What the task asks –
Extract the run of lines that starts at the top of the records below and ends at the line with "2016年福建省內(nèi)各地市產(chǎn)廢情況(萬噸)", keeping both ends and excluding pictures.

[Saved entries]
• • • • •
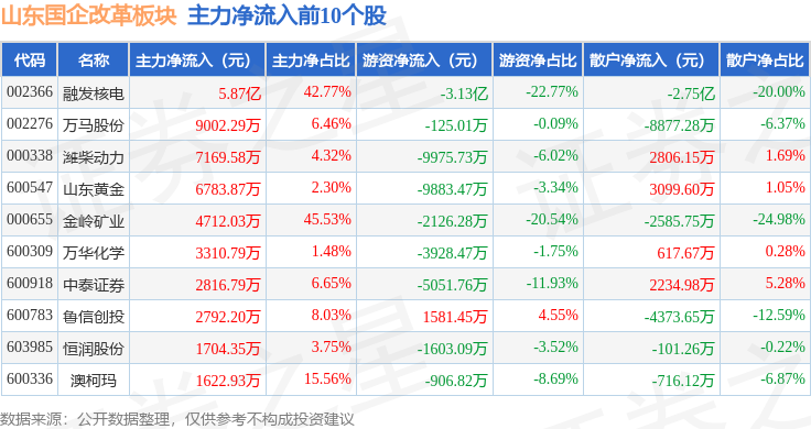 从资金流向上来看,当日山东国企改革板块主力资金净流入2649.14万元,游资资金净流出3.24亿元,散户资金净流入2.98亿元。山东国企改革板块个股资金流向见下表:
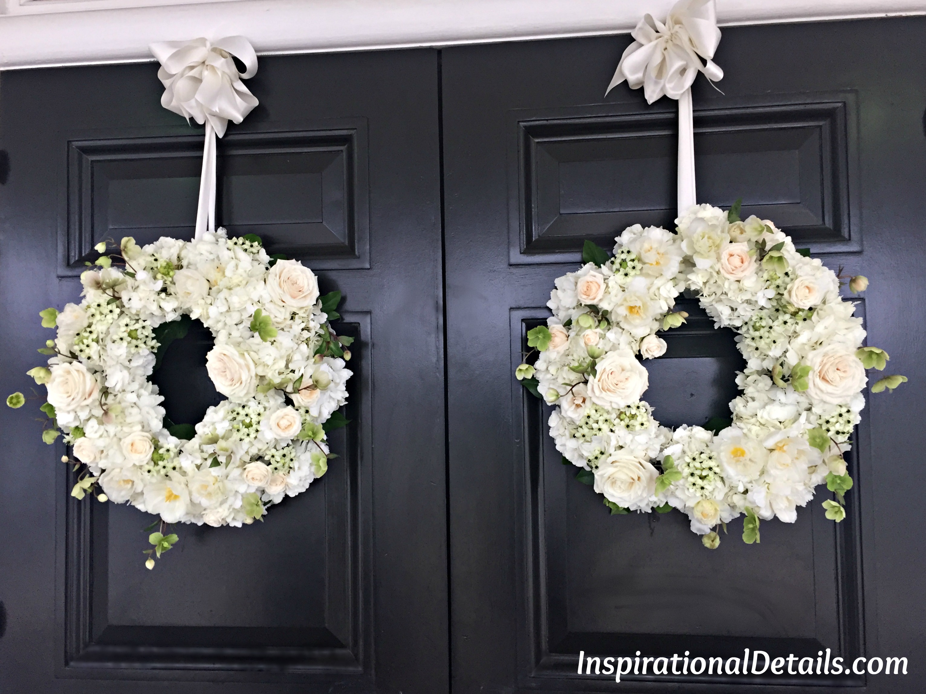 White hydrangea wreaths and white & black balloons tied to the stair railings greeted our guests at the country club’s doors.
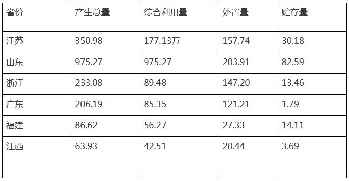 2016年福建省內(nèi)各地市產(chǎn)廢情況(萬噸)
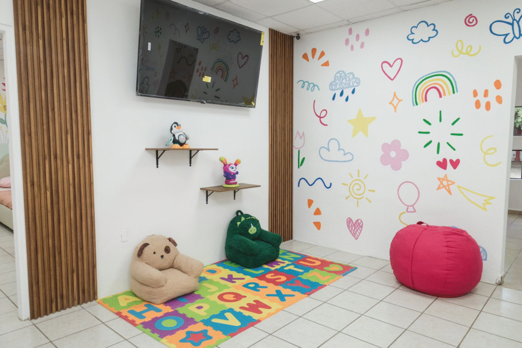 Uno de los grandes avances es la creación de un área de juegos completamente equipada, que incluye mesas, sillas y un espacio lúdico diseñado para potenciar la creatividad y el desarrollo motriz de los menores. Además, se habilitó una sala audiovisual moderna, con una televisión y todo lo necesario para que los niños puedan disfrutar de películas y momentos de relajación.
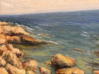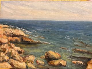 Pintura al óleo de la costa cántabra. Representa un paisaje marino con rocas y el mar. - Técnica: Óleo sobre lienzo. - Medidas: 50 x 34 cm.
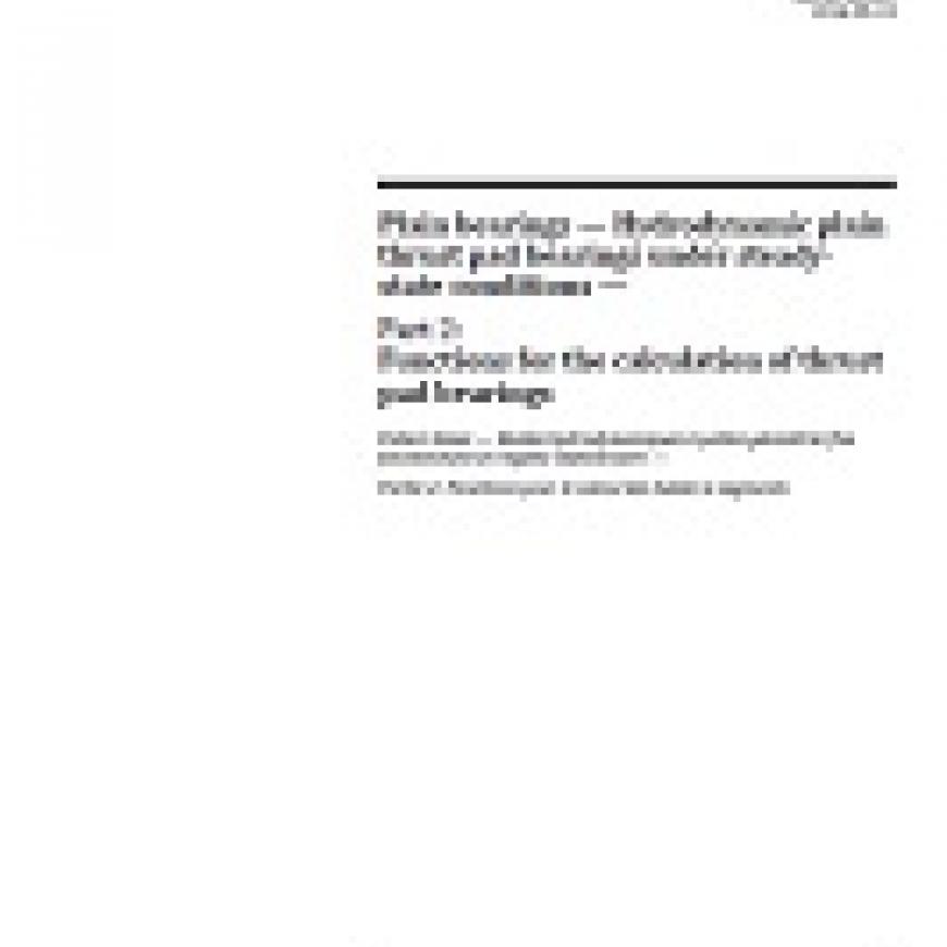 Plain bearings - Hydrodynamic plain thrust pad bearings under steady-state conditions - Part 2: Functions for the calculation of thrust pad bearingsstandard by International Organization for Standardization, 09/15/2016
• • • • •
Result of the task –
 从资金流向上来看,当日山东国企改革板块主力资金净流入2649.14万元,游资资金净流出3.24亿元,散户资金净流入2.98亿元。山东国企改革板块个股资金流向见下表:
 White hydrangea wreaths and white & black balloons tied to the stair railings greeted our guests at the country club’s doors.
 2016年福建省內(nèi)各地市產(chǎn)廢情況(萬噸)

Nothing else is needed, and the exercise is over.